◆ EXERCISE AIM
Beginning with the line that contains "round edges. |", retype the entries below exactly, ending with the line that contains "Our specially curated". Leave out any pictures.

◆ DATA IN THIS EXERCISE

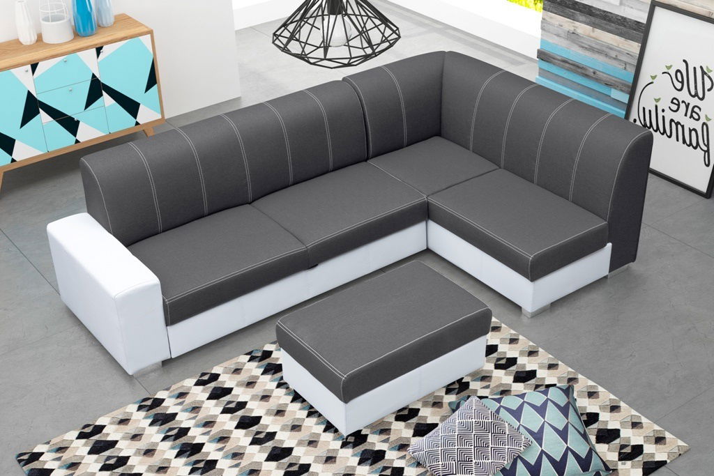 Sarokkanapé Monique (sötétszürke + fehér) (J)
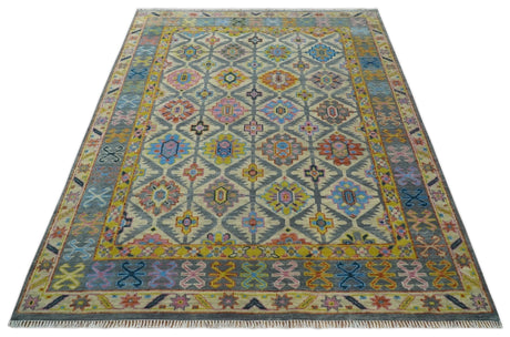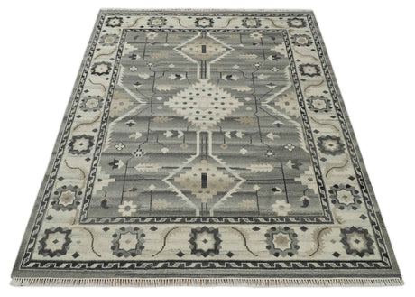 Antique Silver Hand knotted Traditional Multi Size Oushak Wool area Rug
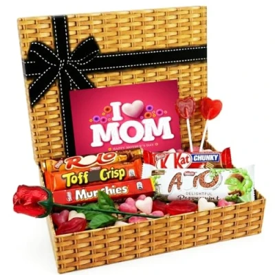 Mothers Day Gift Set – A ready-to-give love hamper packed in a wicker printed cardboard box, perfect for Mothers Day surprises. Assorted Chocolate & Sweet Treats – Includes a tasty variety of chocolate bars and love theme sweet goodies for sharing Beautiful Gift for Mum– wicker printed box with gift-style look that’s ideal for gifting, display, and re-use. Ideal for mom – Great for mothers, wives, girlfriends, anniversaries, birthday surprises.
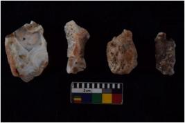| Description / विवरण | There are n 4 flake cores. All of them are fully fluted flake cores without any trace of crested ridge flakes. Some have flat base. Some have blunted edges and few have round edges. |
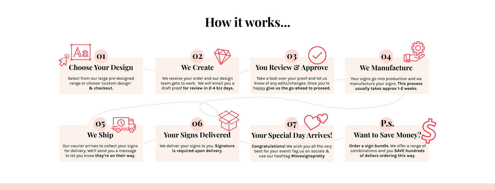 Our specially curated collection features sign packages that combine our favourite items to create only the best of the best signage for your big day!
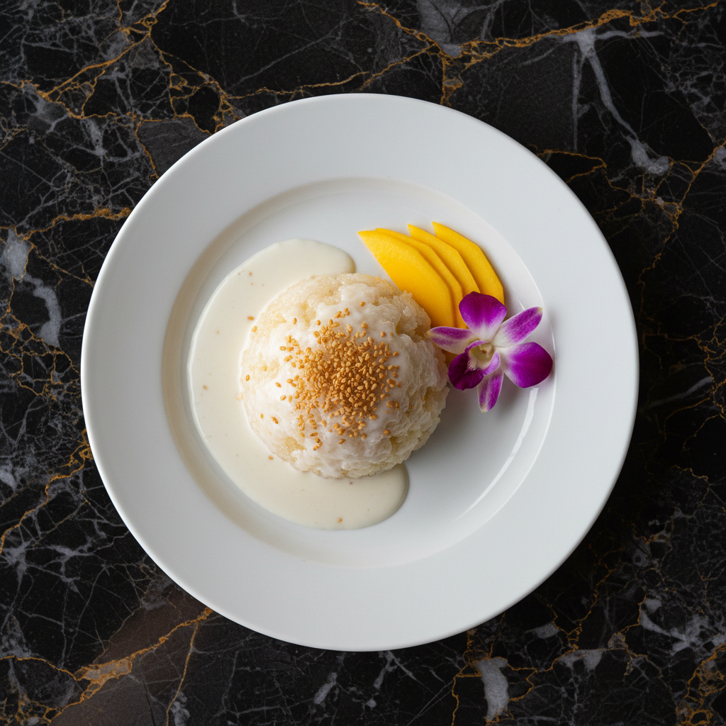 A simple yet delightful sweet sticky rice dish, often served as a snack or dessert. It's made with glutinous rice steamed to perfection and then mixed with sweetened coconut milk and toasted sesame seeds.

◆ THE ANSWER
| Description / विवरण | There are n 4 flake cores. All of them are fully fluted flake cores without any trace of crested ridge flakes. Some have flat base. Some have blunted edges and few have round edges. |
 Our specially curated collection features sign packages that combine our favourite items to create only the best of the best signage for your big day!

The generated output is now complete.